*Problem to work on:* Your task is to retype, word for word, the lines from the start of the data through the line holding "This retro blue". Do not include the pictures.

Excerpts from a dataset

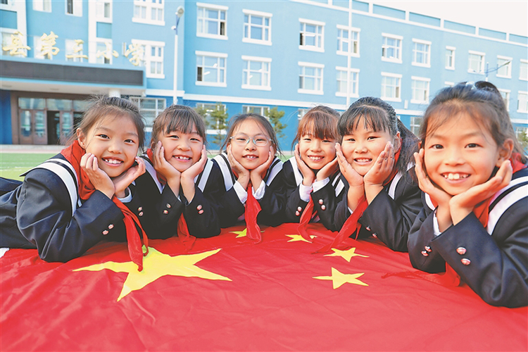 呼瑪縣第二、第三小學(xué)的孩子們和國旗合影。本報(bào)記者 郭俊峰攝
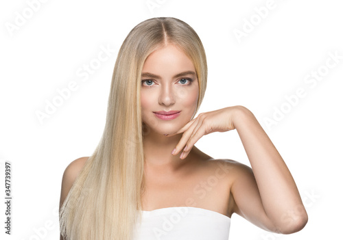 Beautiful woman blonde long smooth hair natural beauty smile happy
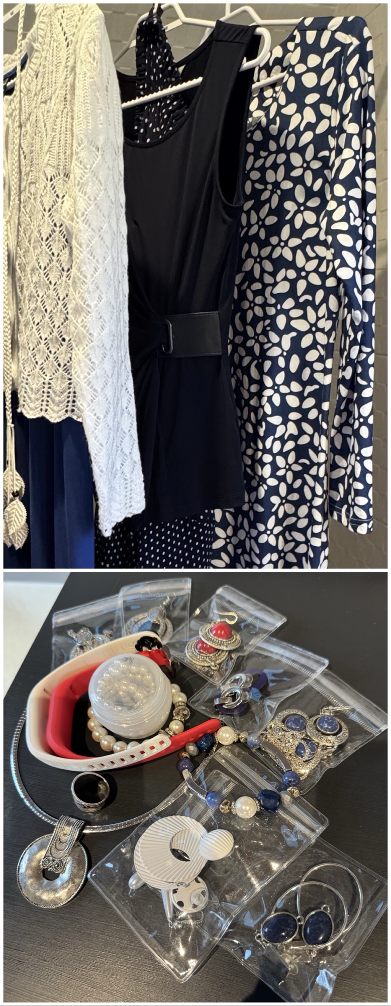 Rose: (for tours) 2 pants, 6 casual long-sleeved tops, sweater/fleece jacket, walking shoes; (for evenings) 1 maxi skirt with 2 tops, 2 dresses, 1 dressy tunic (not pictured), flat dressy shoes. Add underpinnings, a bathing suit and coverup, raincoat and umbrella, kit bag and jewellery, and … done!
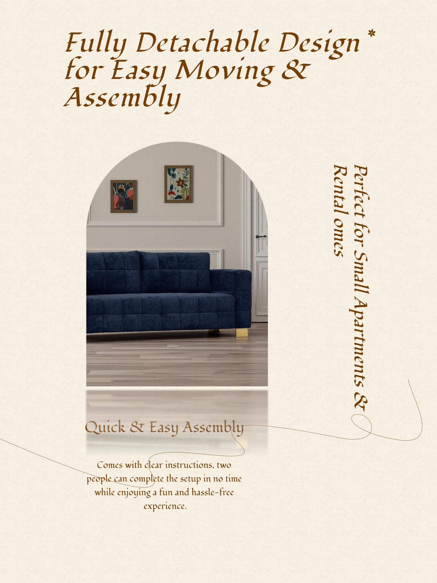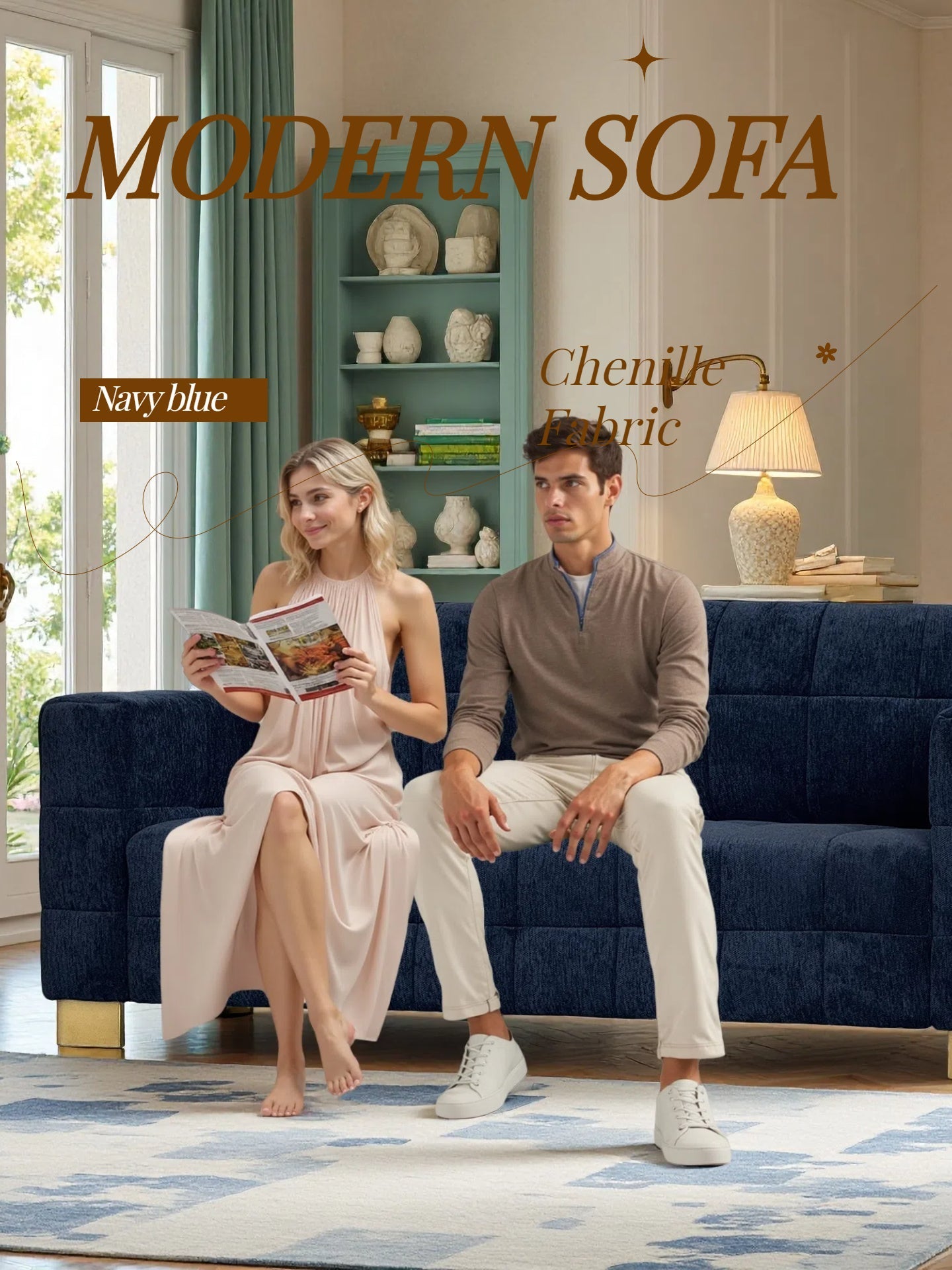 This retro blue chenille upholstered 3-seater couch offers a stylish and comfortable seating solution perfect for living rooms or cozy lounges. Its plush design blends function with a timeless aesthetic.
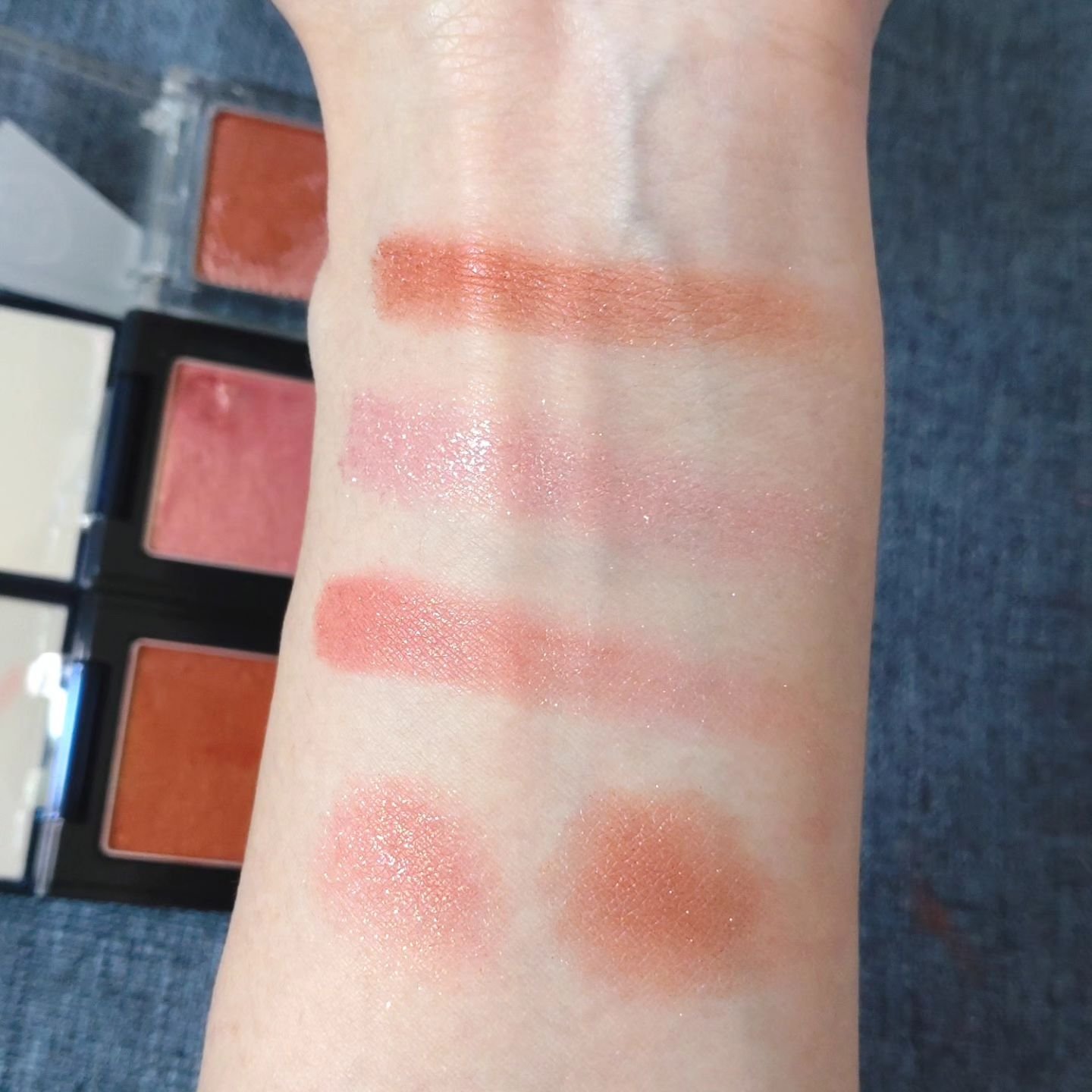 粉質が柔らかできめ細かくマルチなブラウンが使いやすい ほどよいラメ感がデイリーメイクにぴったり 07 サイレントベージュ 王道ブラウンはこちら 赤みや黄みがほんのり入っていて失敗しにくい組み合わせ 08 サンライズオレンジ 明るめだけどブラシでフワッと乗せると肌になじむカラー 左上は見た目ほど黄色が発色しないのでゴールドラメとして使えます

*Answer to this task:*
 呼瑪縣第二、第三小學(xué)的孩子們和國旗合影。本報(bào)記者 郭俊峰攝
 Beautiful woman blonde long smooth hair natural beauty smile happy
 Rose: (for tours) 2 pants, 6 casual long-sleeved tops, sweater/fleece jacket, walking shoes; (for evenings) 1 maxi skirt with 2 tops, 2 dresses, 1 dressy tunic (not pictured), flat dressy shoes. Add underpinnings, a bathing suit and coverup, raincoat and umbrella, kit bag and jewellery, and … done!
 This retro blue chenille upholstered 3-seater couch offers a stylish and comfortable seating solution perfect for living rooms or cozy lounges. Its plush design blends function with a timeless aesthetic.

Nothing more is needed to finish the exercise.